Говоря о неграх, я вспоминаю любопытствующие взгляды, которыми встречают матросов-негров, когда они идут по ливерпульским улицам. В Ливерпуле, действительно, негр шагает более гордой поступью и высоко по-человечески держит голову, здесь относительно него не существует никакого непомерного чувства превосходства, как в Америке. Три или четыре раза я столкнулся с нашим чёрным стюардом, одетым очень красиво и идущим рука об руку с красивой английской дамой. В Нью-Йорке на такую пару через три минуты напала бы толпа, и стюард был бы рад убежать, оставшись с целыми конечностями. Вследствие дружественного обращения, распространяемого на них, наслаждаясь непривычной неприкосновенностью во время пребывания в Ливерпуле, темнокожие повара и стюарды американских судов очень привязаны к этому месту и любят сюда путешествовать.

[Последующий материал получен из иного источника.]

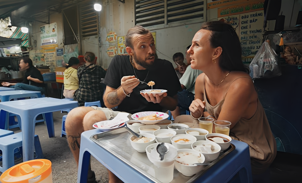 Tại TPHCM, cặp vợ chồng trẻ có dịp trải nghiệm nhiều món ngon như bánh cuốn, phở bò, nộm bò khô… Trong đó, chè mâm là thức quà đường phố để lại cho họ ấn tượng đậm nét.
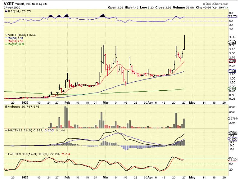 VXRT burst higher again, up 30%+ at one point, closing up 22%. I sold mine, and I may regret that, but I wanted to buy some less extended ones, So…

Будучи тогда несколько молодым и неопытным и подсознательно подверженным, в некоторой степени, местным и социальным предубеждениям, которые портят большинство людей, и от которых, в большинстве случаев, кажется, нет никакого спасения; я сначала удивлялся, что к цветному челове ку нужно относиться так, как это делается в этом городе, но взгляд со стороны показывает, что это, в конце концов, всего лишь признание требований гуманности и норма равноправия; то есть мы, американцы, передаём другим странам некоторые принципы, лежащие в основе нашей Декларации независимости.
Во время своих вечерних прогулок в более богатых районах я подвергался непрерывному унижению. Это был оскорбительный факт, совершенно не предусмотренный мной, в общем и целом, за исключением бедности и нищеты. Ливерпуль в удалении от доков выглядел в значительной степени так же, как и Нью-Йорк. В большинстве своём те же самые улицы, те же самые ряды зданий с каменными ступенями, те же самые тротуары и ограды, те же самые удары локтями и, как всегда, бессердечно глядящая толпа.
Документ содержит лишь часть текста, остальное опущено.